Werkstoffe mit Formgedächtnis auszustatten, ist eine sehr umständliche und mühsame Arbeit. Bei reinen Metallen galten Selbstheilungskräfte, die mechanisch verursachte Schäden reparieren, bislang als unmöglich. Solche haben die Forscher aber jetzt bei reinem Gold beobachtet. Das berichten sie in der Fachzeitschrift Advanced Science.


Goldatome haben sich in die zuvor geschlagene Delle bewegt und sie wieder fast ganz aufgefüllt.

Foto: KIT

„Bislang hat man sich bei der Suche nach solchen Werkstoffen auf Kunststoffe aus vielen Bestandteilen und komplizierten Strukturen konzentriert“, konstatiert Christian Brandl am Institut für Angewandte Materialien - Werkstoff- und Biomechanik (IAM-WBM).

Deren Selbstheilungskräfte basierten allesamt auf der kollektiven Umwandlung der Phasen eines oder mehrerer Stoffe, aus denen sie zusammengesetzt sind. Etwa durch Erhitzen, Schmelzen oder Fällung, wobei sich die Materialeigenschaften ändern können. Bei Metalllegierungen beruht der Formgedächtniseffekt auf dem Phänomen, dass sie in zwei unterschiedlichen Kristallstrukturen existieren können, die von einer bestimmten Temperatur abhängen.

Verändert sich diese „erinnern“ sich die Metalle an ihre frühere Formgebung, die sie bei der jeweiligen Temperatur innehatten.

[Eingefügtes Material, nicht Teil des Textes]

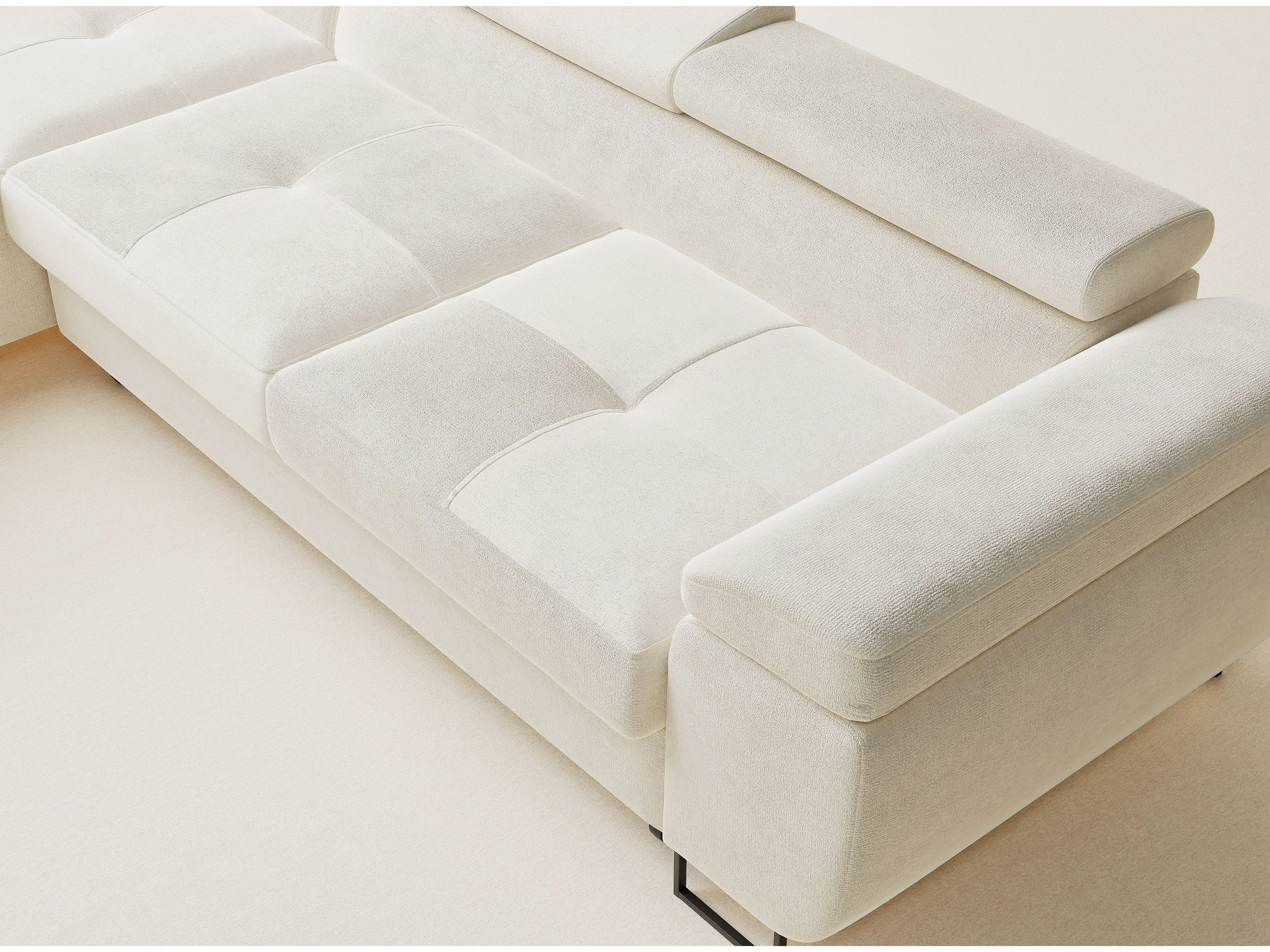 Canapé d'angle gauche convertible en tissu chenille creme CONCORD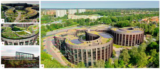 One of the most remarkable examples is the Max Planck Institute for the Structure and Dynamics of Matter, designed by Landschaftsarchitektur+. The 3870 m2 roof is largely green, with a combination of an extensive, multi-layered roof and a roof garden on the terraces and in the dining area. It includes perennials, herbs, and trees, offers relaxation areas and paths with ramps and stairs [33]. This project was awarded the “Green Roof of the Year 2021” prize by the German Green Building Association (BUUG). The green roof of the Max Planck Institute for the Structure and Dynamics of Matter is an innovative project that combines environmental sustainability, human well-being, and social cohesion. Thanks to extensive planting with perennials, trees, and shrubs, it improves biodiversity and helps regulate the microclimate, thereby reducing the building’s energy consumption [31]. Furthermore, the rainwater collection system optimizes the use of water resources and reduces disposal and irrigation costs [34]. In addition to the ecological aspects, the roof was designed as a social space for researchers and visitors, offering walking paths, relaxation areas, and an outdoor café. The design, inspired by the natural landscapes of northern Germany, makes the roof a point of reference for the campus and encourages interaction between the various scientific institutions.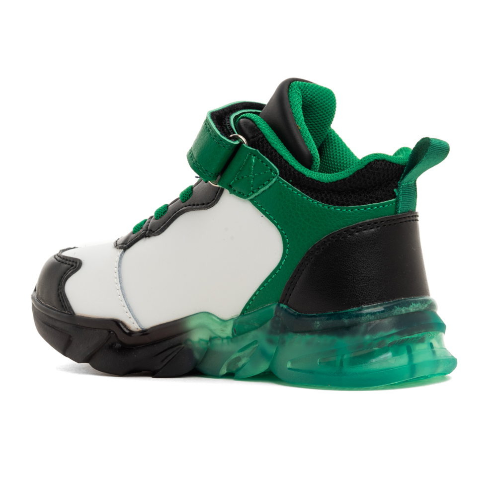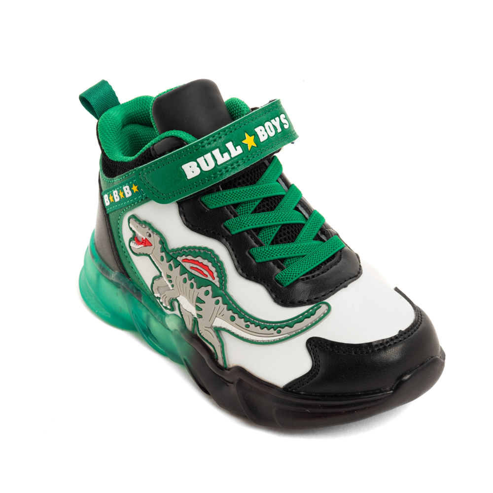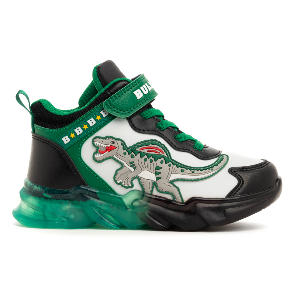 Bull Boys boot with velcro and elastic laces.It features a dinosaur on the side and lights in the outsole.The inner part consists of textile and a textile insole.The outsole consists of rubber.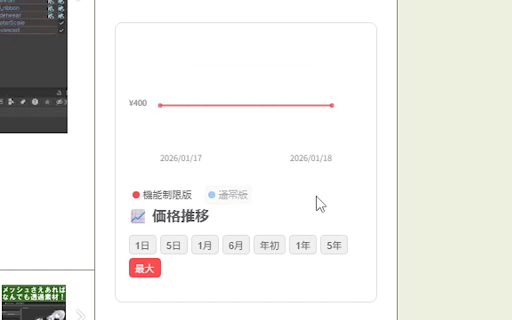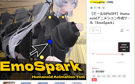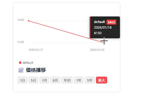 「あのアバター、前はいくらだったっけ?」を解決。 の合計4回実行される設定になっています(対象ページを全て周回したら予定より早く終了します)。 boopa ・マルチバリエーション対応: tracker デモ表示、カテゴリ、期間表記の修正 価格データの記録および日付の計算は、日本時間(jst)を基準に行われています。 毎日 ユーザーの個人情報、閲覧履歴、クッキーなどは一切収集・送信しません。 ・データの利用目的: price booth vrchatは、boothで販売されているvrchat向けアバターや衣装、ツールの価格推移を商品ページ上に直接グラフ表示するブラウザ拡張機能です。 ・価格推移グラフの表示: for pages)から価格情報を取得するため、ブラウザの動作を重くしません。 vrchat関連のタグがついた3dモデル、衣装、ツール類を自動的に判別してトラッカーを表示します。 ・期間切り替え: 2026/01/21 アバターの「quest版」や「衣装○○対応」など、複数の販売形式がある商品でもそれぞれの価格推移を個別に確認可能。 ・セール検知機能: github ・ログイン不要: 「直近5日間」から「過去5年間」まで、柔軟な期間指定でトレンドを把握できます。 ユーザーが閲覧している商品の価格情報を表示するために、商品idのみを参照します。 グラフ下の凡例にマウスを乗せると、特定のバリエーションだけを強調表示。クリックすると特定のグラフだけ非表示にすることができるので複雑な価格設定も一目で理解できます。 更新履歴 🔎対象カテゴリー(自動判別) ・軽量動作: boothのvrchat関連商品の価格推移をグラフで表示。セール情報を見逃さず、賢く買い物を。 データの収集は日本時間で ・インタラクティブな操作: 0時~5時、6時~11時、12時~17時、18時~23時 外部の公開データ(github boothのアカウント情報は一切使用しません。 ver.1.0.2 actionsで収集している都合上、開始時間に遅延が生じる場合があり、データの反映が遅れることがあります。 ☠注意点 セール期間中の価格変動も記録。過去の最安値をチェックして、次のセールの参考に。 - ⭐主な機能 ・個人情報の収集: 🔒安心・安全 商品ページを開くだけで、過去の価格履歴が美しいチャートで表示されます。

Der Selbstheilungseffekt ist weder bei den Verbundstoffen, noch den Legierungen jemals vollständig.

Eine Selbstheilung beziehungsweise ein Formgedächtnis von reinen Metallen, war bislang gänzlich unbekannt. Genau das hat eine internationale Forschergruppe um Dr. Christian Brandl am (KIT) und Eugen Rabkin am Technion - Israel Institute of Technology aber jetzt bei Goldpartikeln beobachtet.

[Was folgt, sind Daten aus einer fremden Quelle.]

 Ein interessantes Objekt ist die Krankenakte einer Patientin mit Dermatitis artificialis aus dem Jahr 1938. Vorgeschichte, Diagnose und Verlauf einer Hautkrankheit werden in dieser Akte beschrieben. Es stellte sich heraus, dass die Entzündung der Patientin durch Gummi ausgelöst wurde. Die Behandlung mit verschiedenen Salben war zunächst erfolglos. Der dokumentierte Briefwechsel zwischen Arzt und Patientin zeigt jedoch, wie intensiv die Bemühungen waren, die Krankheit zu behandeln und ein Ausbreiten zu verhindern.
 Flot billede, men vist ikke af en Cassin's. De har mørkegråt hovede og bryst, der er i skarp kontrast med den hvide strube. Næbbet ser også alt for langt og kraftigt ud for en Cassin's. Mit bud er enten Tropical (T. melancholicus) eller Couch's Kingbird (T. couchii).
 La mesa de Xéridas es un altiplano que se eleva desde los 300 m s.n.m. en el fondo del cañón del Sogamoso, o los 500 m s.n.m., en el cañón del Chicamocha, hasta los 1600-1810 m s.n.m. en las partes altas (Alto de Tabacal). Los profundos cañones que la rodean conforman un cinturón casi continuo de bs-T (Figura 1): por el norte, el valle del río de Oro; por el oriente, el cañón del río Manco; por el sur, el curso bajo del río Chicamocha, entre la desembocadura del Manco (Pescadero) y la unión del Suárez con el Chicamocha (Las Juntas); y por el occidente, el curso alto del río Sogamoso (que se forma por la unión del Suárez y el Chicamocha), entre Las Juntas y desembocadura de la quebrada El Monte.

Die vielgestaltigen Partikel nahmen dabei nahezu vollständig ihre individuelle ursprüngliche Form wieder an. Irgendeine Verformung gab es nicht. „Das faszinierendste dabei ist, dass die wiederhergestellten Partikelformen nicht der mit der geringsten Oberflächenenergie entsprachen, was zu erwarten gewesen wäre“, sagt Brandl.

Zunächst in Simulationen in Hochleistungsrechnern und dann real mit der Messspitze eines Rasterkraftmikroskops hatten die Forscher den Partikeln mechanische Schäden beigebracht. Sie stellten fest, dass sich durch Ausglühen bei Temperaturen weit unterhalb der Schmelztemperatur von Gold Goldatome entlang von Oberflächenstufen zurück in die Dellen bewegen und diese fast vollständig wieder auffüllten.

Solche Oberflächenstufen treten in vielen verformten Metallen auf. Deshalb rechnet Brandl damit, dass auch andere Metalle über die beobachteten Selbstheilungseigenschaften verfügen. Die Forscher rechnen damit, dass mithilfe ihrer Ergebnisse, robuste Bauteile für Strukturen kleiner als ein tausendstel Millimeter konstruiert werden können.

https://www.kit.edu/downloads/pi/Self-healing_nanoparticle

Videobeschreibung: Das Video zeigt, wie sich in der Molekulardynamik-Simulation beim Erhitzen die zuvor beigebrachte Verformung (Delle) durch zufällige Bewegungen der Goldatome (sogenannte Diffusion) in die Ausgangsform langsam ausheilt. Die Atome sind entsprechend ihrer Höhe eingefärbt. Im kleineren Fenster sind die Atome am dunkelsten, die sich am weitesten bewegt haben, und zeigen, dass sich die Atome entlang der Oberflächenstufen bewegen.

Weiterer Kontakt:
Dr. Felix Mescoli, Pressereferent, Tel.: +49 721 608 48120, Fax: +49 721 608 43658, E-Mail: felix.mescoli@kit.edu

Das Karlsruher Institut für Technologie (KIT) verbindet seine drei Kernaufgaben Forschung, Lehre und Innovation zu einer Mission. Mit rund 9 300 Mitarbeiterinnen und Mitarbeitern sowie 25 000 Studierenden ist das KIT eine der großen natur- und ingenieurwissenschaftlichen Forschungs- und Lehreinrichtungen Europas.

KIT – Die Forschungsuniversität in der Helmholtz-Gemeinschaft

Das KIT ist seit 2010 als familiengerechte Hochschule zertifiziert.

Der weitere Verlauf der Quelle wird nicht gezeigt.